When Will We Ever Learn?

- Michael J. Cohen,  Ph.D.


I'm sorry to interrupt you, friend, but it's 40 years later. If you don't do the right thing now, just who do you think will?

- Karen


On April 18, 1972, Karen, a high school junior explained to her principal why she was quitting school.  “Dr. Miler," she said. "Neither you nor the faculty here can teach me what I want to know because what I want to know is how not to be like you.  What you teach is insane. It perpetuates our destructive personal, social and environmental relationships.”

Karen's words come to mind more and more as I watch well-intentioned folks I love hurt themselves, each other and the environment. Their best thinking about how to solve our crucial problems has proven not to be as thoughtful as it needs to be.

Karen had decided to drop out of school after many attempts to “adjust.” She excelled as a student and Dr. Miler pleaded with her to remain. He pledged that if she did, he would teach her anything she wanted to know. That's when she told him he did not have the ability to do that. She explained that the harmful effects of his thinking and relationships depressed her. They showed that neither he nor the faculty knew what she wanted to know, no less how to teach it.  That knowledge was unavailable to the public in 1972.  It is available now. 
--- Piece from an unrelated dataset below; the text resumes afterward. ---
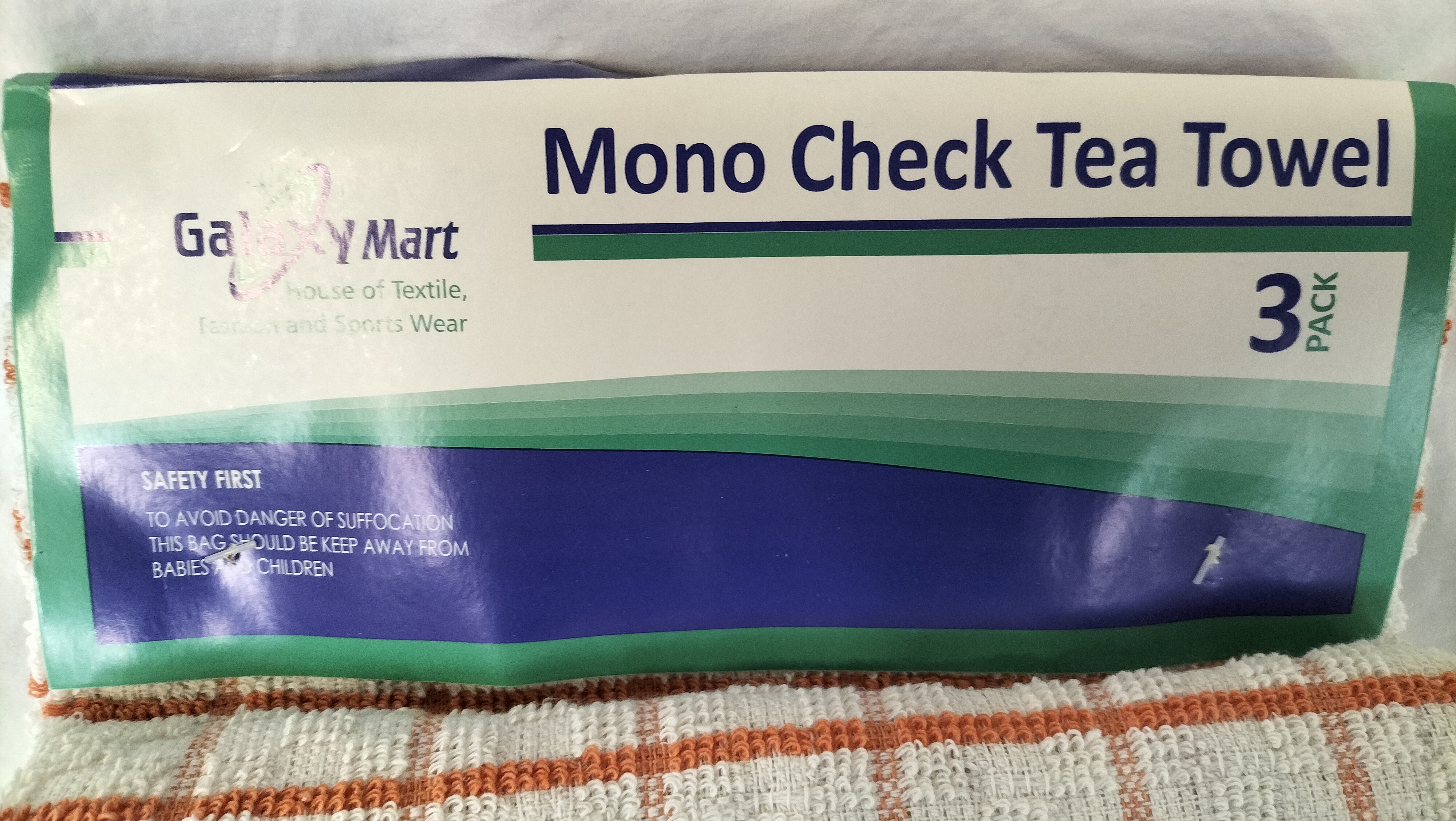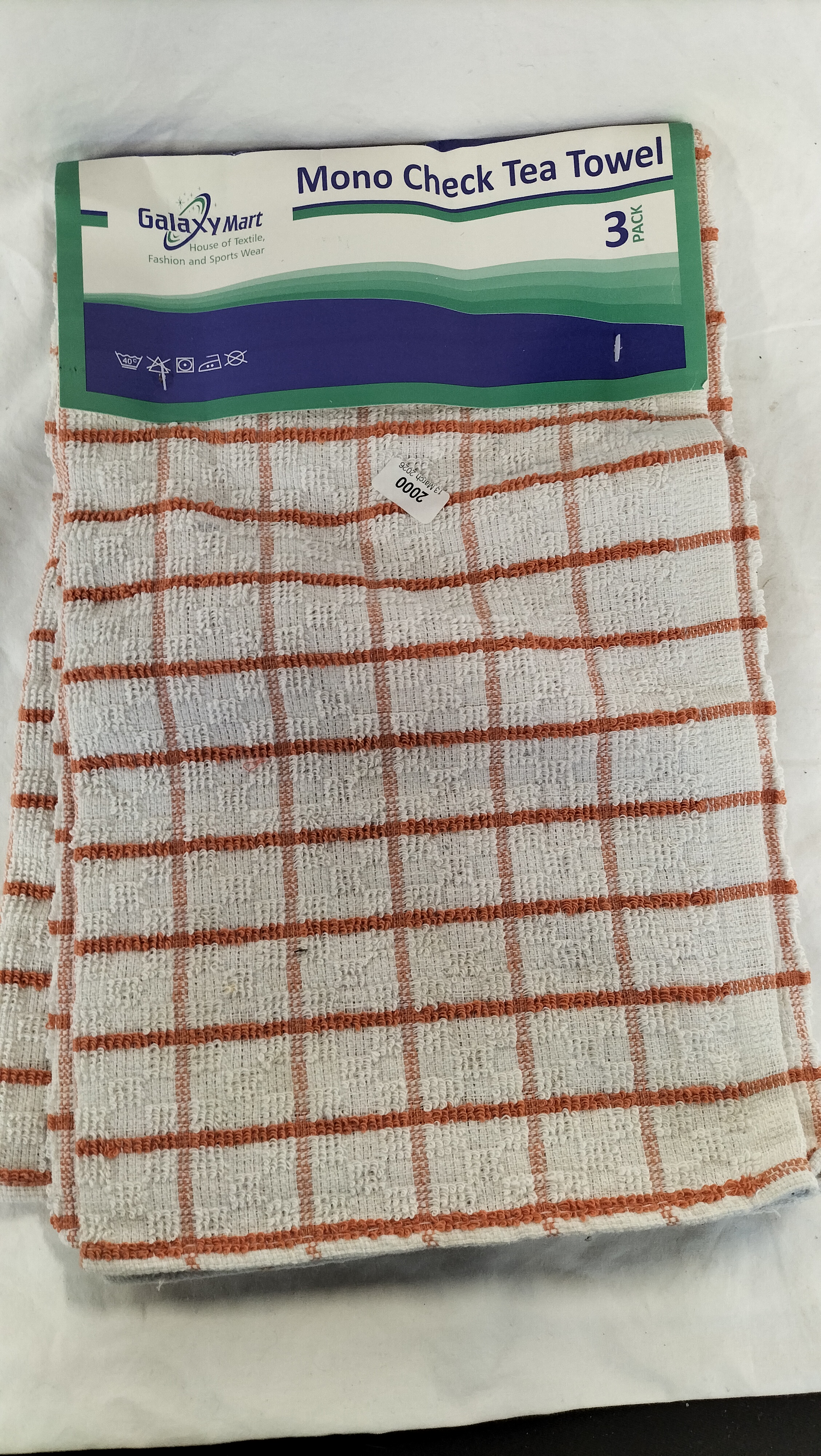 A trio of tea towels by Galaxy Mart, House of Textile, Fashion and Sports Wear. The towels feature an orange and white mono check pattern and are constructed from a material with a looped, terry-like texture. The items are contained within their original retail packaging, which displays the maker mark, pattern name, and laundry care symbols. A small adhesive inventory sticker is attached to the front towel, printed with 2000 and 13 March 2024.

Today, most of us suffer from denial. Although crucial information that enables us to improve our relationships and well-being has become easily accessible, we seldom use it. This is because we are psychologically addicted to thinking we don't need it and we deny our addiction. However, we also know that in the forty years since 1972 the detrimental impact of how we think, feel and relate has dramatically increased. The population has risen from three billion to over seven billion individuals.  The mining and use of natural gas and oil has more than doubled as have CO2 emissions.  Today, we use about 150 percent more resources that our living planet produces. Earth's temperature has risen and continues to rise, causing greater weather extremes and great future problems. Land use for growing wheat, corn and soybeans has more than doubled.  Almost half the Earth's wetlands and forests are now gone and species are going extinct at a phenomenal rate.  Crime, narcotics and abusiveness have increased along with mental illness. Over 50 wars are going on. How sane is all this? Costs are soaring, the economy and jobs fading.  Balance is deteriorating while arguments are deadlocked in power plays. Meanwhile, the rich get richer and more powerful, the poor get poorer. The leaders we trust are molesting our children while we are drugging many youngsters to reduce their symptoms from our mayhem. Where are we headed?
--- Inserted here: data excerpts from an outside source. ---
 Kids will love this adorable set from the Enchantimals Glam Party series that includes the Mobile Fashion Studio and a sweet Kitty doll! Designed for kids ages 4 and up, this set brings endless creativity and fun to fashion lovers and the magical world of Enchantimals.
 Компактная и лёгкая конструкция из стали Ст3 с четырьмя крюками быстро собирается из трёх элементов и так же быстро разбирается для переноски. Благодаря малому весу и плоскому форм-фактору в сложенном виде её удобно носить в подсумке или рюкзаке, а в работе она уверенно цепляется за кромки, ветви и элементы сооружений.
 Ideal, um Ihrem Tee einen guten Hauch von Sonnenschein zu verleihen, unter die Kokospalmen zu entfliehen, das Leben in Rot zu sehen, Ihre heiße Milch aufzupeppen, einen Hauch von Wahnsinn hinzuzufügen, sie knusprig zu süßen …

Although Karen's faculty played their role well in school, they were a cross section of society then and today. For example, despite the warning labels, 30% of them smoked cigarettes. Because they protected others from the smoke by providing themselves with a smoking area, they were within their legal rights. Smoking was not, and is not, illegal. Karen felt that if cigarettes became illegal, smoking and its adverse effects would not stop. In her social studies paper she wrote “It would be like deer hunting. In many states more deer are poached illegally than are legally killed during hunting season.” In that paper Karen also said “We can't make sense of how our society educates, governs and socializes us because it is not sensible. I must help myself. I must stop learning how to think like you think.”

Karen discovered what most people tell me they know. With respect to helping us sustain happy, responsible lives out of harms way, our education and socialization is no more effective than the warning labels on cigarettes.

Karen was different than many students because, in counseling, she learned something extra. She discovered the integrity and value of her subconscious mind, of her sense of reason and her spirit.  She found that she wanted and deserved more than school and society was providing her. She began to realize that the world and its people were at risk. Her paper said, “We are in jeopardy. We don't just need information; we need an effective process that enables us to build responsible relationships with ourselves, each other and our planet. I want to learn how to build supportive and cooperative, not competitive and conquering, interactions with everything. That is not happening in this school.” She wrote, “To teach it or learn such a process, I have to live it, not just discuss or theorize it.  I have tried, in vain, to achieve this, to live it here.”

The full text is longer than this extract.